Further, the specific method of step S1 includes:
s11, extracting a human body motion sequence from the existing three-dimensional human body model data set containing the motion sequence, wherein human body motion information in each frame is represented by a three-dimensional human body model of a skeleton skin, the skeleton posture of the human body motion sequence is represented by joint point rotation, human body grids are driven to deform by the joint point rotation, and the T frame is represented by T multiplied by N multiplied by 6 parameters;
s12, firstly, constructing a variational self-coding network to learn the human motion information in the step S11 and constructing a hidden space representation of the human motion information, wherein an encoder of the variational self-coding network consists of an encoding gating cycle unit, a mean value encoding network and a variance encoding network, a decoder of the variational self-coding network consists of a decoding full-connection network and a decoding gating cycle unit, a T-frame human motion sequence is used as input, a mean value and a variance corresponding to the sequence are obtained through the encoder of the variational self-coding network, sampling is carried out from the distribution formed by the mean value variance, and the sampling code of the sampling code is recovered into the input T-frame human motion sequence after passing through the decoder of the variational self-coding network;
s13, monitoring the mean value and the variance corresponding to the sequence obtained by an encoder of the variational self-coding network by using standard normal distribution, and constraining the implicit space distribution by using Kullback-Leibler divergence between the two distributions, wherein the formula is as follows:
Figure BDA0003148001580000021
wherein N (mu, sigma)2) Representing a standard normal distribution, P (x) representing the distribution obeyed by a mean encoding network and a variance encoding network, and KL (P | | | N) representing the Kullback-Leibler divergence between the distribution P and the distribution N;
in addition, the L2 penalty of using the input parameters for the output parameters is further constrained,
Lparam=‖Xin-Xout2
Xin,Xoutthe input and output three-dimensional articulation point rotation parameters of the human body |2Denotes a two-norm, LparamRepresents the L2 loss between the input parameter and the output parameter;
the mesh deformation is further driven with the rotation parameters, with the L2 loss between the input and output meshes as constraints:
Lmesh=‖M(Xin)-M(Xout)‖2
m is differentiable covering operation, taking rotation parameters as input, outputting a deformed three-dimensional human body grid, LmeshRepresents the L2 penalty between the input and output grids;
finally, the training loss of the variational self-coding network is:
L=λklKL(P||N)+λparamLparammeshLmesh
wherein λklparammeshIs a weight;
s14, because the human motion data are limited, the generalization performance of the trained model is enhanced by using data augmentation in the process of training the variational self-coding network, and the strategy comprises the following steps:
s141, performing frame-by-frame sampling on the existing motion sequence: sampling one frame every m frames in the original sequence to form a motion sequence of T frames as input;
s142, sampling in a reverse order: reversing the sequence of the sampled motion sequence to be used as input;
s143, mirror image turning: rotationally exchanging the joint points corresponding to the symmetrical limbs of the human body to form a new motion sequence as input, and training the network until convergence by the supervision of the step S13;
and S15, after the network training is completed, the hidden space coding can represent a complete human body motion sequence by a smaller space dimension, the network parameters of a decoder are fixed, the hidden space coding is randomly given, the human body motion sequence is obtained after the decoding of the decoder, and the decoded motion sequence also generates corresponding motion change by adjusting the hidden space coding.

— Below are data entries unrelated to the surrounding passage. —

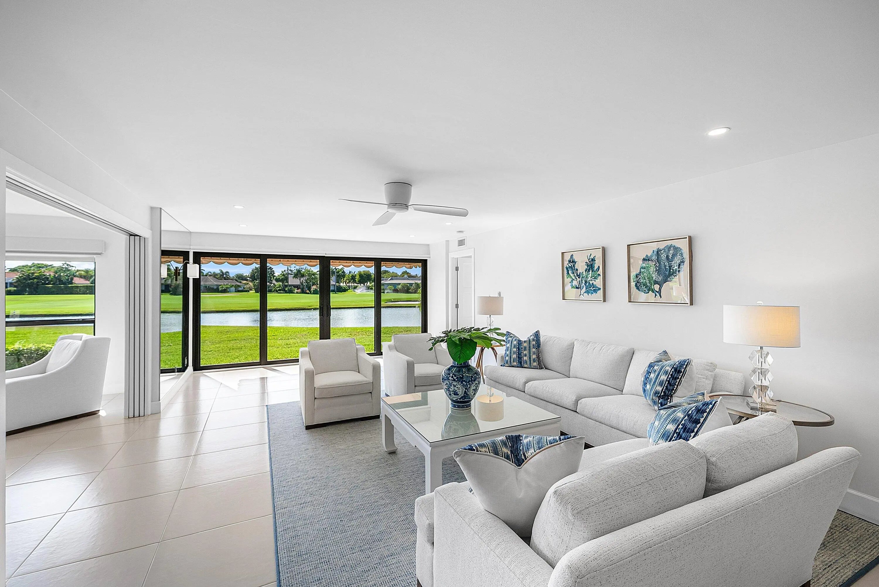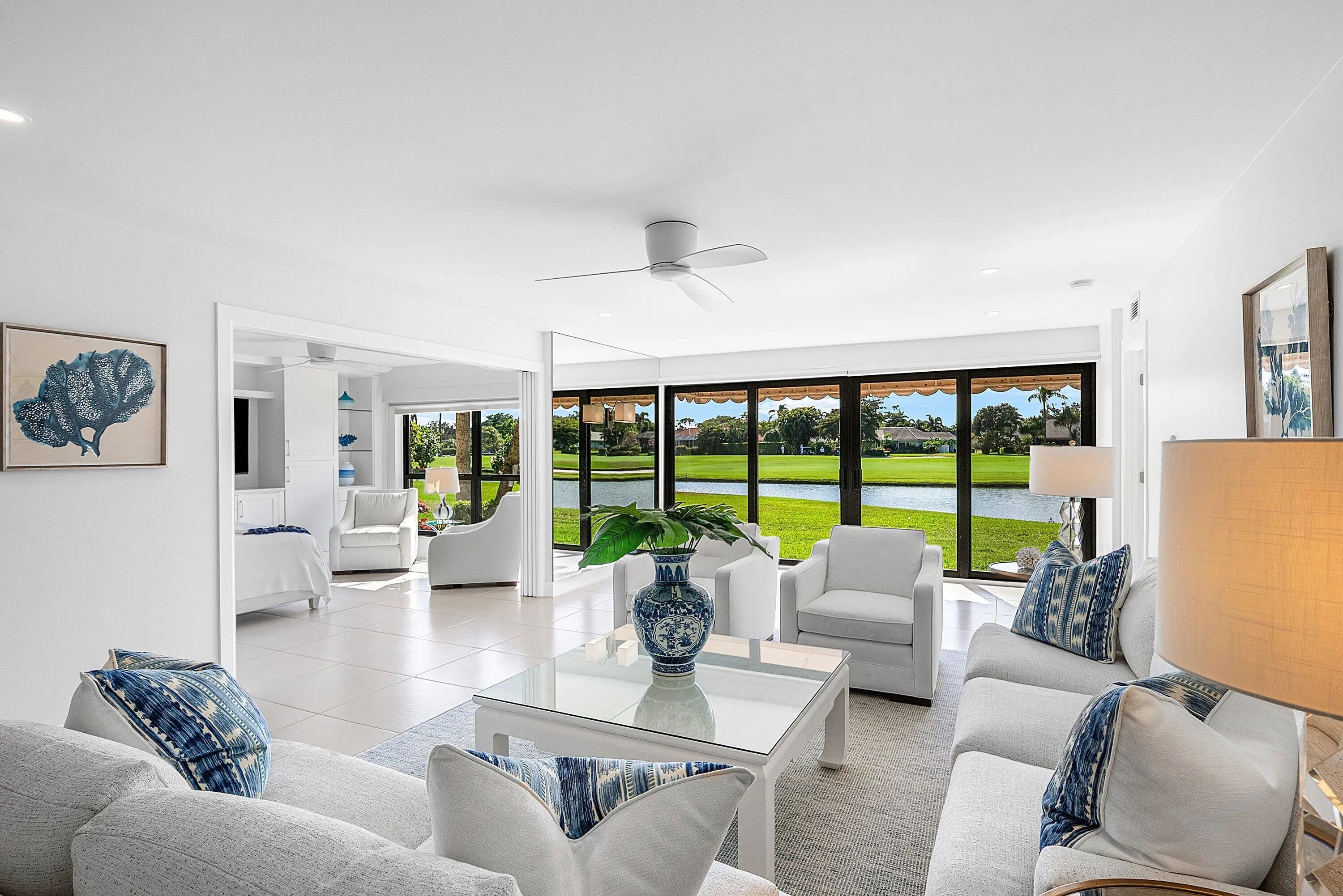 Beautifully updated 3BR/3BA first-floor residence offering panoramic lake and golf course views in the beautiful Bobwhite A area of Quail Ridge. This move-in-ready 3BR/3BA home stands apart with a highly desirable third full bath -- a feature seldom found in most Quail Ridge condominiums - providing added comfort and privacy. . This light-filled home features impact glass windows for added security and peace of mind, along with a spacious, open layout designed for comfortable living and entertaining. A stylish bar area with access to the front open patio creates the perfect setting for entertaining guests or enjoying indoor-outdoor living. The kitchen offers ample cabinetry and workspace. New roof! Quail Ridge is a mandatory membership, private club community.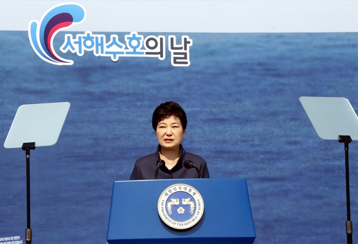 (서울=포커스뉴스) 박근혜 대통령이 25일 오전 국립대전현충원에서 열린 1회 서해수호의 날 기념식에 참석해 기념사를 하고 있다. <사진제공=국가보훈처>
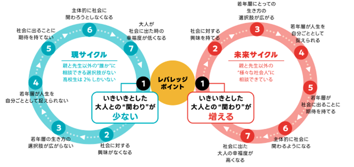我々は、「いきいきとした大人との関わりが少ない」ことが、社会に希望を見出せない若者を再生産する課題構造があると捉えています。学校や家という場を超え、生き方のモデルとなったり、刺激や学びをくれたり、自身と向き合ってくれるような社会人との継続的な繋がりを創出することが、彼らの可能性を大きく切り開くと信じています。

Further, in the step S2, the multi-view camera system performs multi-view acquisition by using a plurality of FLIR Blackfly industrial cameras, fixes the industrial cameras by using a tripod, places the industrial cameras around an acquired area, performs synchronous acquisition by hardware triggering, and stores the industrial cameras in a solid state disk by using a USB3.0 and a PCIE interface.
Further, the specific method of step S3 is: the method comprises the following steps of preprocessing collected multi-human motion videos by using the existing open-source two-dimensional attitude estimation and tracking, obtaining continuous joint motion tracks of human joint points obtained by attitude estimation in each frame of image through human tracking, and screening the obtained tracks by taking displacement vectors of the human joint points as constraints, wherein the calculation formula of the displacement vectors is as follows:
Figure BDA0003148001580000031
wherein Si,Si-nRespectively representing the ith frame and the ith-nth frame of human body joint pointsIn a position of
Figure BDA0003148001580000032
When the modulus of the error correction data is larger than a threshold theta, the tracking is considered to be in error, if the number of error frames exceeds K frames, the error is considered to be incapable of being corrected, and all error results are discarded; if the number of error frames is less than K frames, the current frame and the last frame before error are used for updating
Figure BDA0003148001580000033
And carrying out the processing on each human body object detected in the video to obtain a two-dimensional joint point track.
Further, the specific method of step S4 includes: firstly, the three-dimensional posture of the same human body object in the initial frames of different visual angles of the collected video is predicted under the relative coordinates by utilizing the existing open-source single-visual-angle three-dimensional posture estimation method, because only the rigid rotation difference exists between the three-dimensional postures of different visual angles at the same moment, the rigid rotation of the human body is equal to the external reference rotation of the camera, one visual angle is selected as the initial visual angle, and the rigid rotation of the three-dimensional posture of the human body relative to the three-dimensional posture of the visual angle under other visual angles is calculated; then, the camera rotation of the initial view angle is a unit array, the camera translation of the unit array is obtained by the least square method through camera internal parameters, three-dimensional attitude estimation results and two-dimensional attitude estimation results, and the formula is as follows:
Figure BDA0003148001580000041
wherein pi is projection, R and t are rotation and translation of the camera respectively, J is three-dimensional joint point position obtained by three-dimensional attitude estimation, p is two-dimensional joint point pixel coordinate obtained by two-dimensional attitude detection, and t is*Solving the obtained translation;
after the initial view angle camera external parameter is obtained, rigid rotation of the three-dimensional posture of the second view angle is used as rotation of the camera external parameter, and the camera external parameter under the view angle is obtained through the formula by utilizing the three-dimensional posture of the initial view angle and the two-dimensional posture of the current view angle; and repeating the above process to obtain the external parameters of each visual angle camera.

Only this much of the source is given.